▶ YOUR OBJECTIVE: An exact restatement of all the data is required, with the pictures left out.

▶ STORED DATA:
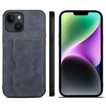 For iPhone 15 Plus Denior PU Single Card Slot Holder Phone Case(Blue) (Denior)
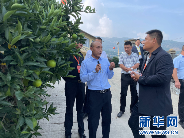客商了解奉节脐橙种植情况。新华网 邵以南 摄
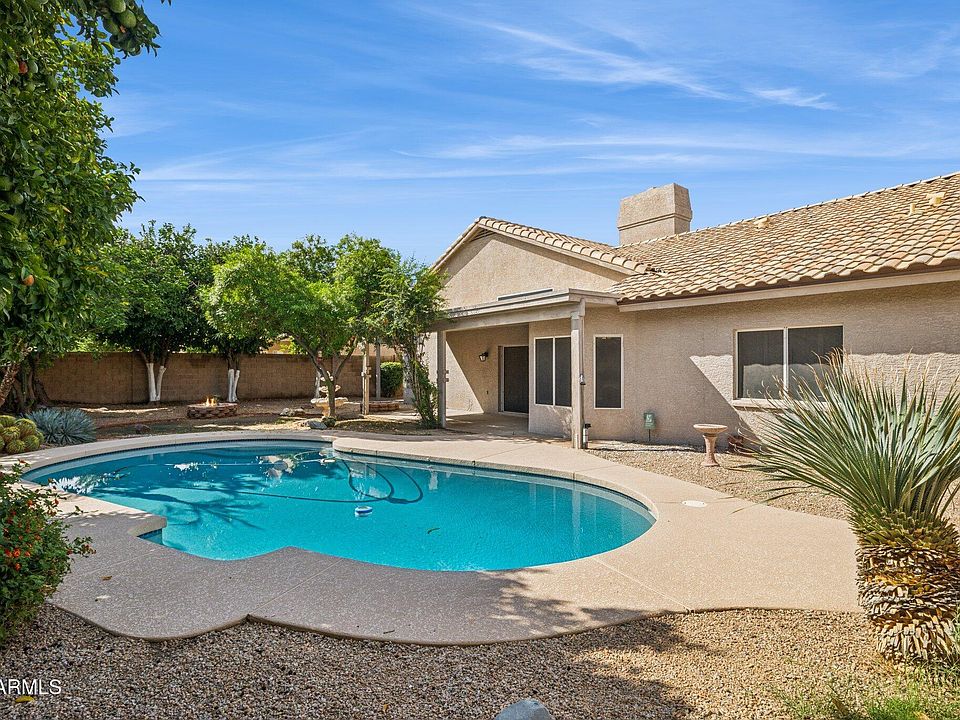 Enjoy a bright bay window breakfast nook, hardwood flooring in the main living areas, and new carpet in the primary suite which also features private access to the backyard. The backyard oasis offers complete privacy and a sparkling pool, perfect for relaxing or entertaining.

▶ THE ANSWER:
 For iPhone 15 Plus Denior PU Single Card Slot Holder Phone Case(Blue) (Denior)
客商了解奉节脐橙种植情况。新华网 邵以南 摄
 Enjoy a bright bay window breakfast nook, hardwood flooring in the main living areas, and new carpet in the primary suite which also features private access to the backyard. The backyard oasis offers complete privacy and a sparkling pool, perfect for relaxing or entertaining.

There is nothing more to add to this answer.